Poor Kathleen! when she begged to forego the sunlight and her seat by the window, she must have lost her relish for enjoyment.

"You are ill, Kathleen," said Mary; "the air of these narrow streets is stifling you. But we will quit them soon, and you shall have a bright sky, and green trees, and flowers again. We shall have a nice journey, and who knows but we may see our dear old home on the way. I will not tell you more now. This news ought to be enough to make you well. Get strong-able for a long, pleasant ride, and then I will tell you more good news as a reward."

"I will try, Mary dear," said Kathleen, with her own quiet smile, "if it was only for your sake."

care.

CHAPTER XXXIV.

A PAINFUL CHOICE.

"The trench is dug, the cannon's breath
Wings the far hissing globe of death."
The Siege of Corinth.

It was a grave disappointment to Lucas Plunkett, when, on the following morning he sought an interview with his cousin, to learn that she could not, even for a brief space, quit her sister's room. The invalid had become much worse, and required Miss Dillon's constant If Mr. Plunkett would come on the morrow, perhaps her sister's condition would permit Miss Dillon to see him. Mr. Plunkett did come on the morrow, and on the next day, and yet again on the day succeeding, but the condition of the sick child was in no way bettered, and the interview he sought could not be granted; whereupon Mr. Plunkett began to feel himself aggrieved, to consider he had been trifled with, and determined that his cousins should feel the want of his protection before he waited on them to offer it again. In pursuance of this resolve, he interrupted his visits to their house, and waited till he should be invited to resume them. But he waited in vain. Day succeeded day, and still the message he expected did not come.

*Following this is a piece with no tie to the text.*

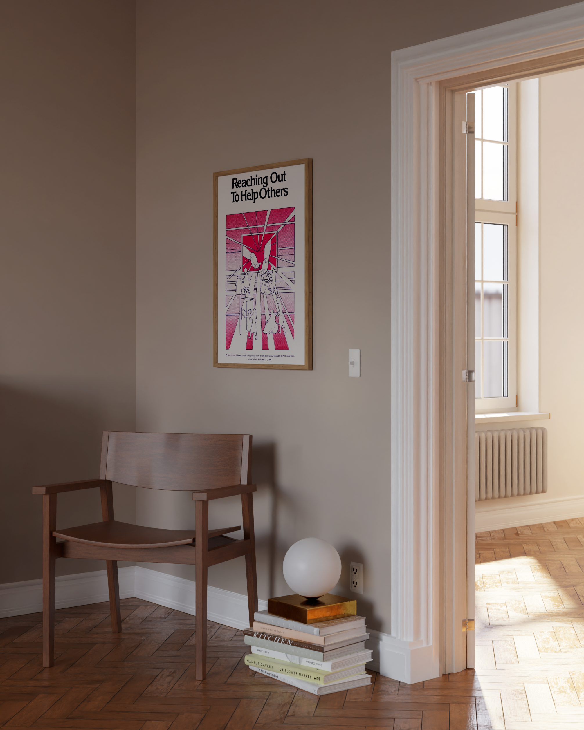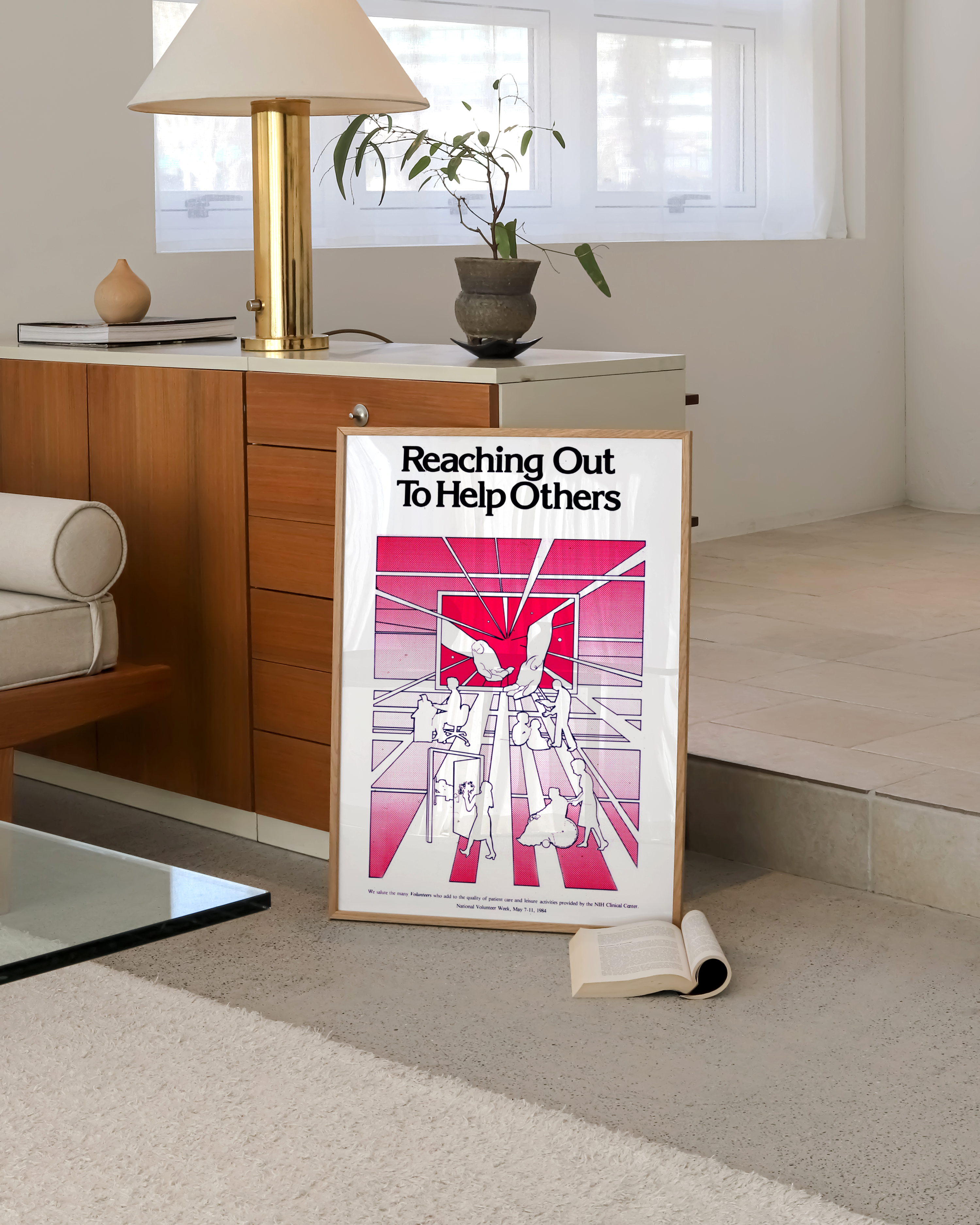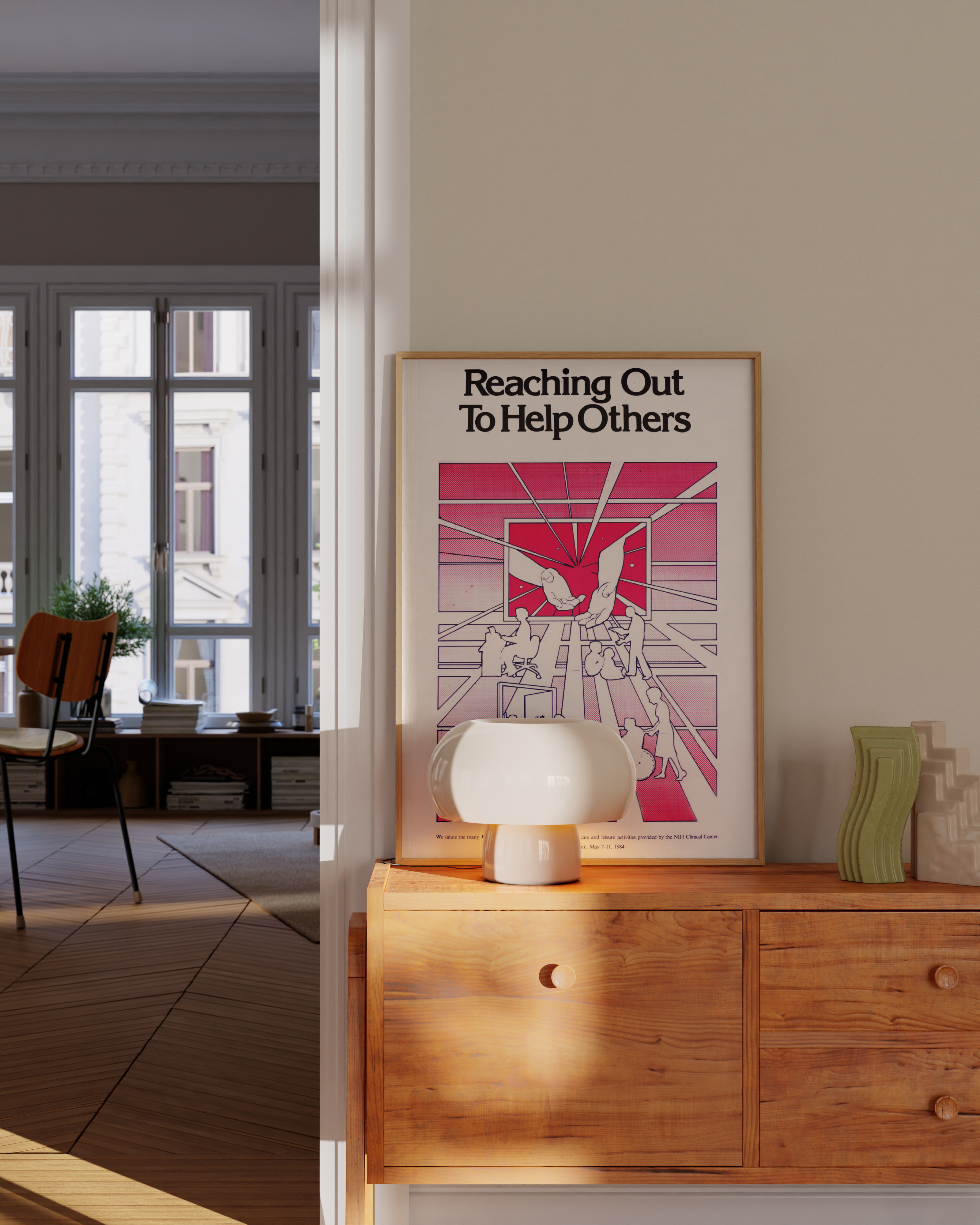 "Reaching out to Help Others" plakaten kombinerer iøjnefaldende røde og hvide nuancer med inspirerende illustrationer. Perfekt til at tilføje et strejf af altruisme og kunstnerisk flair til ethvert rum. Denne plakat fanger essensen af samhørighed og menneskelig godhed. Ideal til kontorer og hjem med et budskab om håb.

Yet Mr. Plunkett was in error when he judged himself deceived and trifled with. The plea on which Mary Dillon excused herself from meeting him was not forged to deliver her from a disagreeable position. Her sister really required her unceasing care. Her solicitude for Kathleen had become so engrossing that it was only at rare intervals she thought at all of the resolution it had cost her such a struggle to make. The ailments of which the child had so meekly complained were but the first symptoms of an enfeebling illness which made the little prisoner more a prisoner than before. The air she breathed was always dense and hot now, and it was no longer a rare thing for her to pass a sleepless night. The summer came, parched and sultry, and all through it the sufferer breathed by day the suffocating vapours of the scorched narrow street, and kept her painful vigils during the dreary nights. But all this time monotony was not one of the afflictions of her sickness. Within a short distance of the room in which she lay a fierce conflict was being waged, and the sounds of the dread engines of war came very often to disturb her solitude.

Ireton's army had invested Limerick in the early spring. He had essayed the reduction of the city by diplomacy and intrigue, but promises and plots had been alike unsuccessful, and he was compelled to resort to the tedious operations of a siege. His brigades arrived, and took up their positions before the walls, his forts were constructed, his siege guns mounted, and death in a new shape was hurled into the city where death, in another and more hideous guise, was already running mad riot.